Rules about marriage are a particularly appropriate subject matter for the exercise of that power. This is because the normal rule in common law makes a marriage that was legal where performed, legal everywhere else, provided the spouses were domiciled in the state where the marriages took place. That rule applies even to new states to which the couple mich move. Yet, those new states might have their own rules about conduct regarding bigamy, or age, or adulthood, or rules regarding the dissolution of a marriage, such as the allocation of alimony and how that plays out when the spouse co-habitats with another, whether opposite that party be of the sex or same sex.

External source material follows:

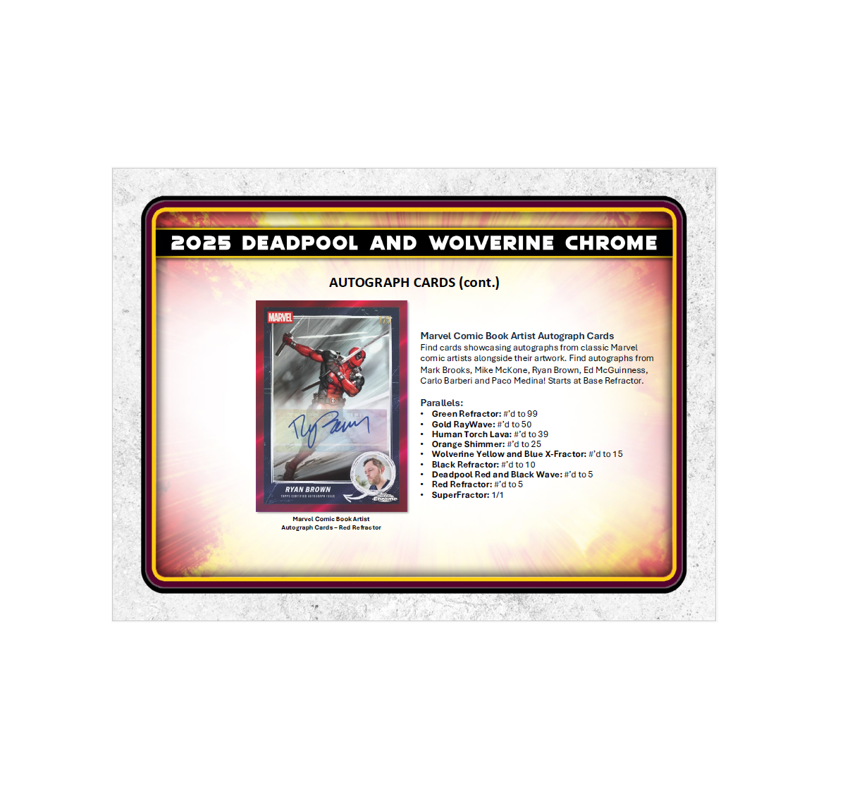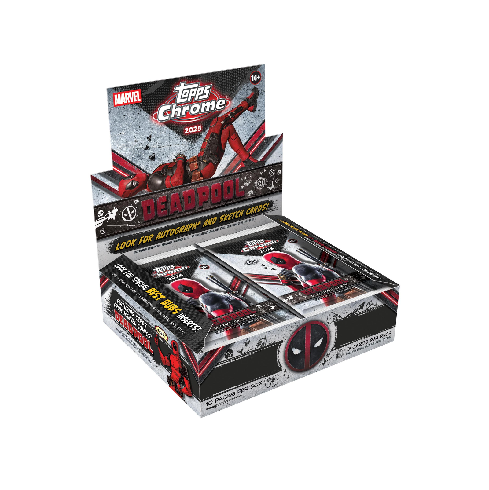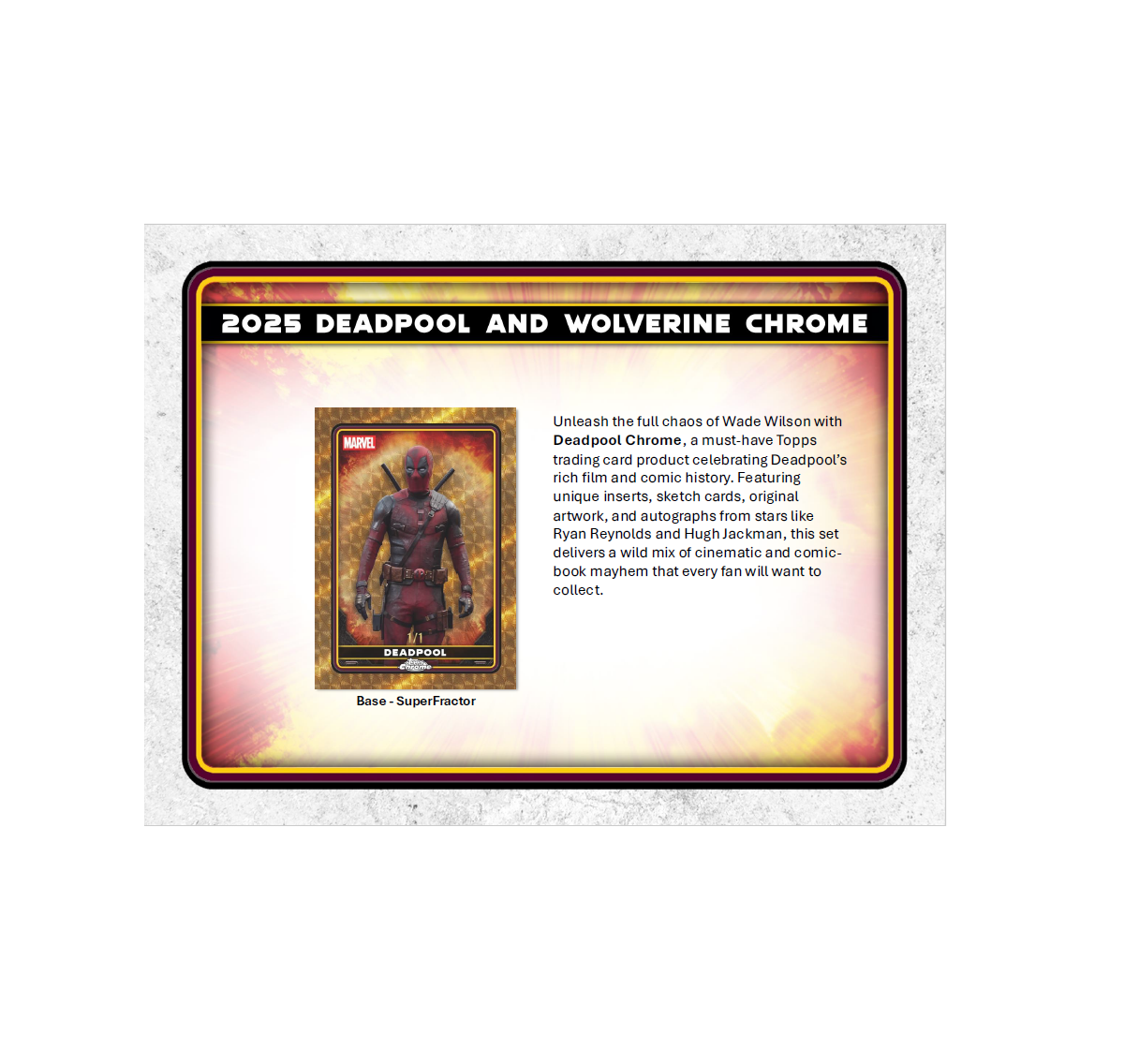 •  Unleash the full chaos of Wade Wilson with 2025 Topps Deadpool Chrome®, a must-have trading card release celebrating Deadpool’s rich comic and cinematic history. Featuring a dynamic 100-card Base Set, dazzling Chrome® parallels, rare case hits, sketch cards, original artwork, and autographs from stars like Ryan Reynolds and Hugh Jackman, this product delivers a wild mix of comic book mayhem and big-screen action. Chase autographs of Ryan Reynolds, Hugh Jackman, Emma Corrin, Ryan Brown, and others.

Same-sex Consequences Regarding Alimony Support in New Jersey
This then brings us to the issues of how same-sex marriages and same-sex cohabitation will affect alimony support by an ex-spouse. Presently, alimony awards in the state of New Jersey ar governed by N.J.S.A. 2A:34-23. More importantly, N.J.S.A. 2A:34-25 governs alimony awards in the face of remarriage of a former spouse. Specifically, N.J.S.A. 2A:34-25 states:
If after the judgment for divorce a former spouse shall remarry, permanent alimony shall terminate as of the date of re-marriage except that any arrearages that have accrued prior to the date of remarriage shall not be vacated or annulled. The remarriage of a former spouse receiving rehabilitative alimony shall not be cause for termination of the rehabilitative alimony by the court unless the court finds that the circumstances upon which the award was based have not occurred or unless the payer spouse demonstrates an agreement or good cause to the contrary.
Based on the above premise, and in response to the influx of couples living together (foregoing the institution of marriage) in the 70’s and 80’s, New Jersey case law emerged to address the issue of alimony under these living arrangements. Cases such as Garlinger v. Garlinger , 137 N.J. Super . 56 (App. Div. 1975); Gayet v. Gayet , 93 N.J. 149 (1983); and Pugh v. Pugh , 216 N.J.Super . 421 (App. Div. 1987) came to the forefront in the legal arena. And although all the above cases factually involved a former spouse cohabiting with a member from the opposite sex, the language of the holdings much like that of N.J.S.A. 34-25, remained gender neutral. Among the changed circumstances to be considered by trial courts is the “dependent spouse’s cohabitation with another .” The focus of the courts was purely an economic needs test to determine whether cohabitation requires modification of an alimony award. Cohabitation by a divorced spouse constitutes changed circumstances justifying discovery and a hearing in a proceeding for modification of alimony. However, the test for modification of alimony remains whether the relationship has reduced the financial needs of the dependent former spouse.
Thus, if the above financial test is gender neutral, as it appears, it would seem that we have gone full circle. If, in fact, the Congress passes “The Defense of Marriage Act,” allowing New Jersey to decide for itself as to whether it should recognize same-sex marriages, or if it is obligated, pursuant to the “full faith and credit” clause to, in fact, recognize this institution, the bottom line remains the same: an award of alimony is a financial determination as opposed to a moral judgment, until law to the contrary is passed.
Interaction from the other panelists and the audience is invited.